The taxpayer attempted to deduct the cost of expenses associated with investigating his father’s death, including the hiring of private investigators, forensic experts, morticians, and writers. The taxpayer hoped that his investigation would lead to a book or movie contract. The taxpayer deducted the costs ($6.4 million) incurred in his pursuit of the truth of his father’s death. The taxpayer never received a dollar of revenue. The United State Tax Court ruled:

"By January 2008 petitioner had been investigating his father’s death for five

years. As of that time, his investigative activities had not generated a single dollar of revenue. Those activities generated no income during 2008, 2009, or 2010, and petitioner had no reasonable prospect of generating future income. Petitioner never developed a business plan for commercializing his father’s story. He has no professional background in writing, book publishing, or media. He did not modify the scale or scope of his investigative activities during 2008-2010 in an effort to minimize the substantial losses he was incurring."

The income tax regulations enumerate a non-exclusive list of factors in determining if a taxpayer engages in an activity for profit. The factors enumerated are:

  1. The manner in which the taxpayer conducts the activity; 
  2. The expertise of the taxpayer or his advisers;
  3. The time and effort spent by the taxpayer in carrying on the activity;
  4. The expectation that assets used in the activity may appreciate in value; 
  5. The success of the taxpayer in carrying on other similar or dissimilar activities; 
  6. The taxpayer’s history of income or loss with respect to the activity; 
  7. The amount of occasional profits, if any; 
  8. The financial status of the taxpayer; 
  9. The presence of personal pleasure or recreation.

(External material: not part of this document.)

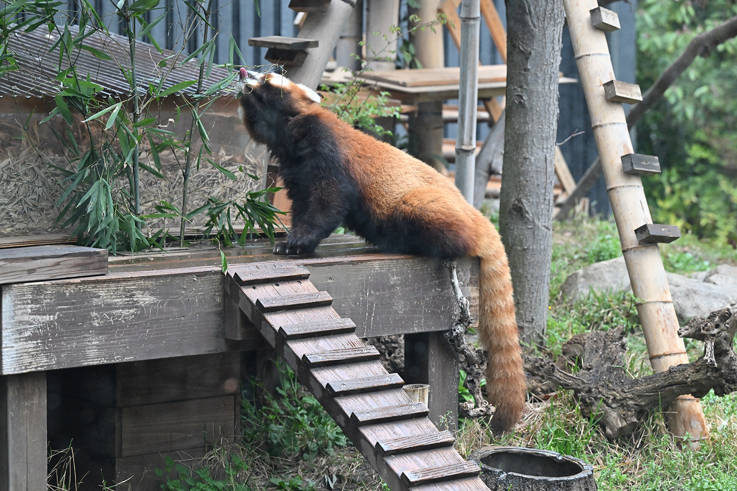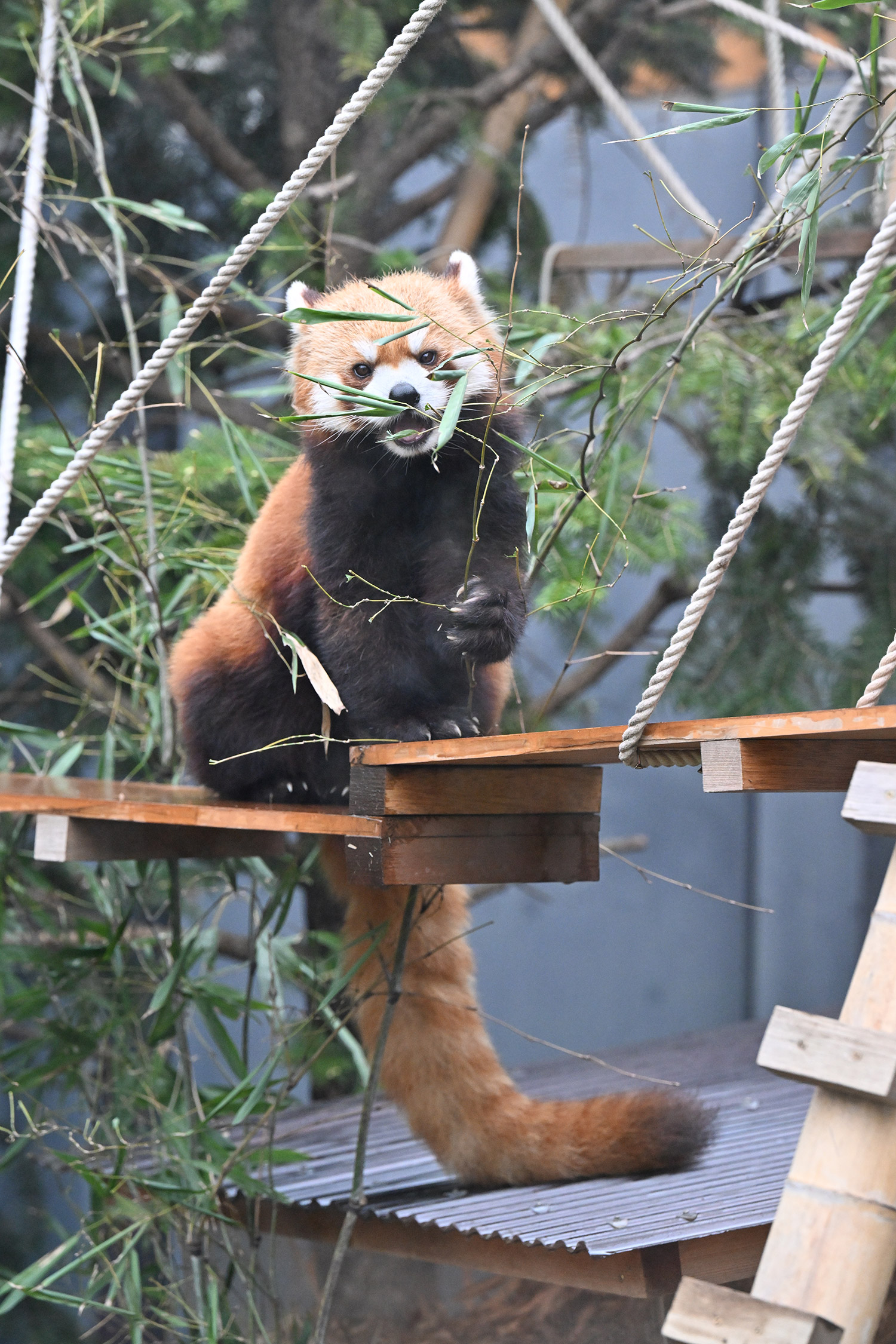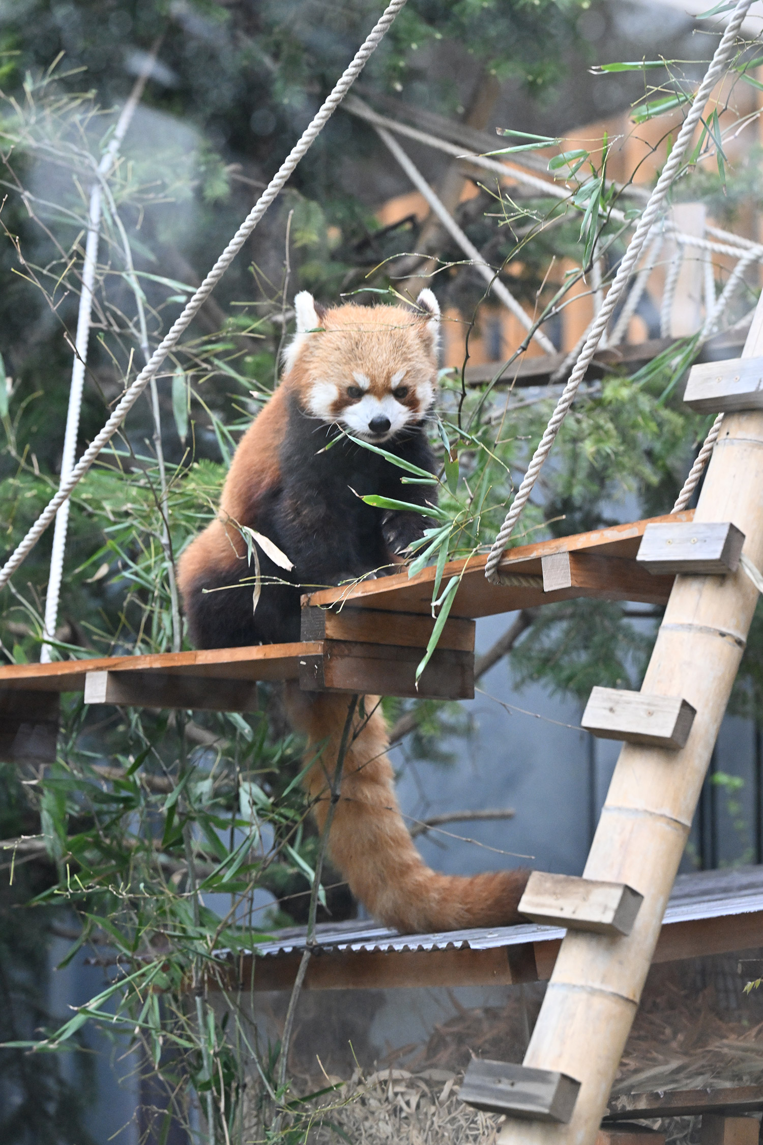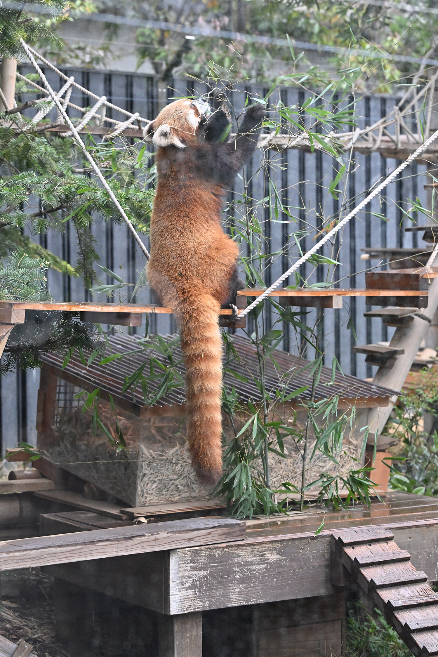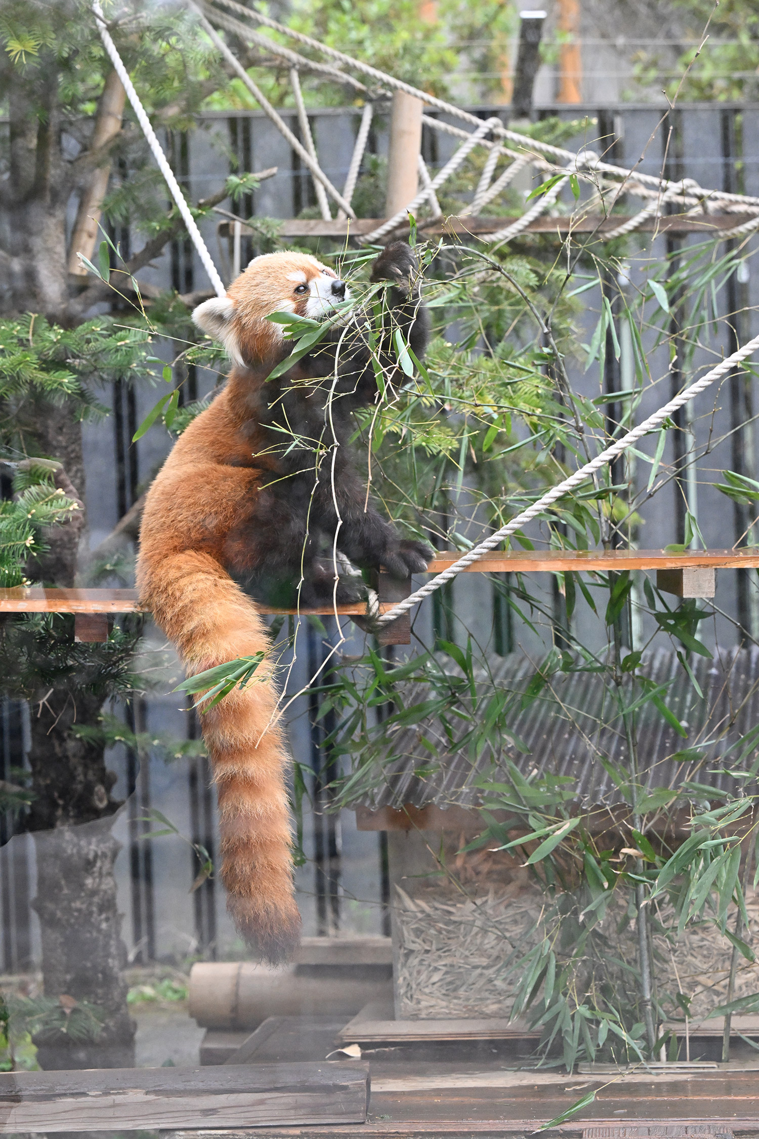 うじ様!小雨降る中ありがとうございます!赤茶の毛並み しっぽのしましま お顔や体の絶妙な色分けもcharming💕「.立ち食い」に笑♪しっぽの表情もcute💓ぷりぷりの時パンダはしっぽup⤴︎レッサーはdown⤵︎定番かな?まだ知らないことばかり…これからもお写真から学ばせてください!今日も幸せを分けてくださり感謝です‼️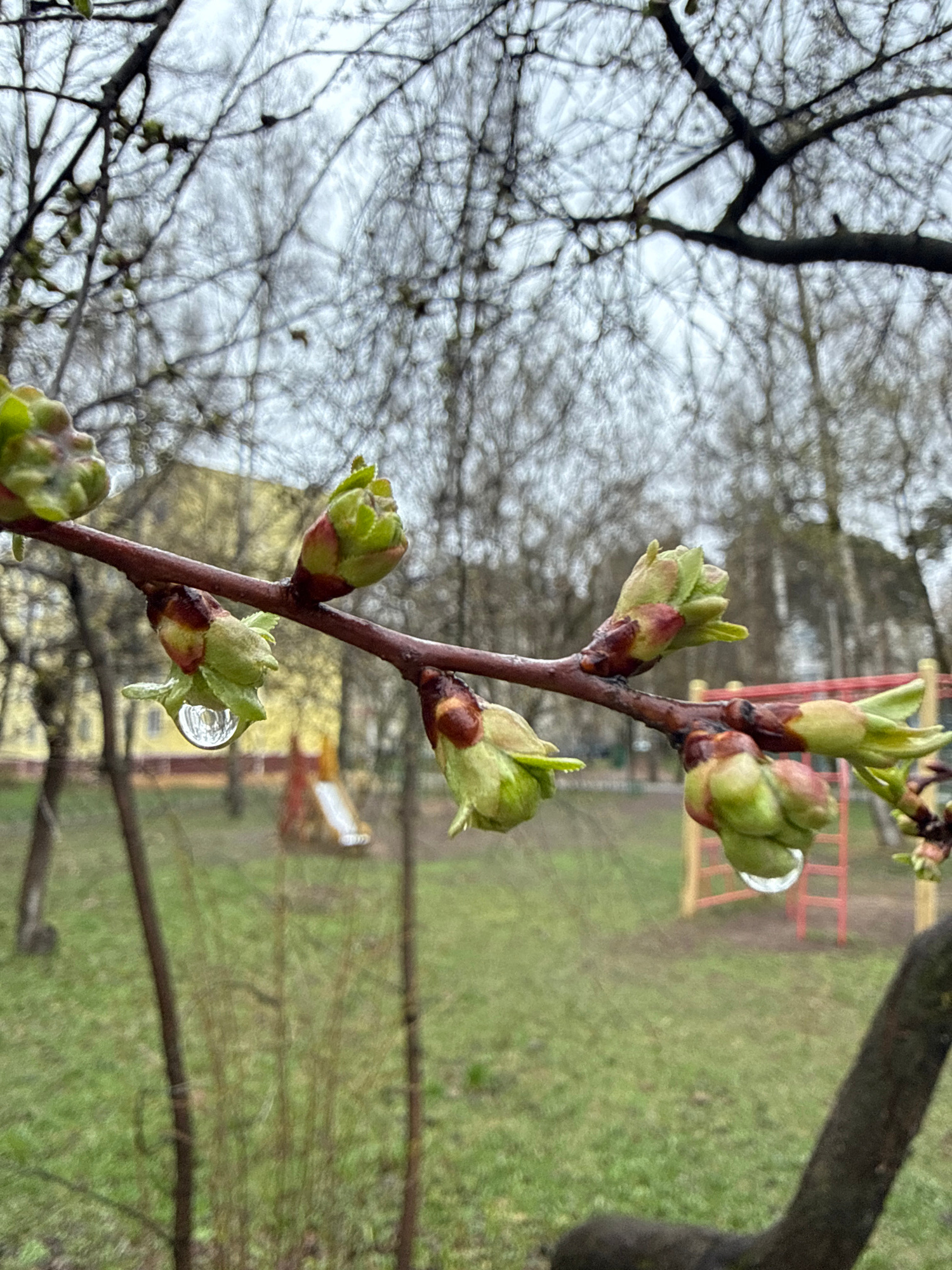 The image shows a close-up of a branch with buds emerging, some with droplets of water clinging to them. The background is a blurry mix of trees, sky, and grass, suggesting a park or green space. A re…read more

In applying the above factors to a particular activity, no one factor is determinative. A rebuttable presumption exists that an activity is engaged in for profit if the taxpayer can establish that in three of the five consecutive taxable years, including the tax year in question, income exceeds the deductions for those three years. If the taxpayer is engaged in an activity of breeding, training, showing, or racing horses, the presumption is applied by substituting two years for three years and seven years for five years. Thus, for purposes of applying the rebuttable presumption, horse-related activities receive more lenient treatment. The income tax regulations fine-tune how this rebuttable presumption is applied.

A recent case illustrates how a facts and circumstances analysis resulted in a taxpayer win. The taxpayers, who had no prior ranching experience, acquired a 1,100-acre cattle ranch for $2 million. Originally, the taxpayers expected that they would earn a profit from cattle sales and guided hunting expeditions. The taxpayers hired an experienced ranch manager. The taxpayers soon learned that cattle ranching was an uneconomical business, and the liability insurance premiums on guided hunting tours was exorbitant. As a result, the taxpayers changed their focus from cattle ranching to making improvements to the ranch for the purpose of profiting from the appreciation of the underlying real estate. While conceding that this was a “close case,” the United States Tax Court Judge held that the presence of a professional manager and the maintaining of “complete and accurate books” was evidence of a profit motive. 

What is the bottom line? If a taxpayer intends to engage in a high-profile activity with elements of personal pleasure, the taxpayer should confer with a tax professional as soon as possible before commencing business operations. Hire competent advisors and keep accurate books.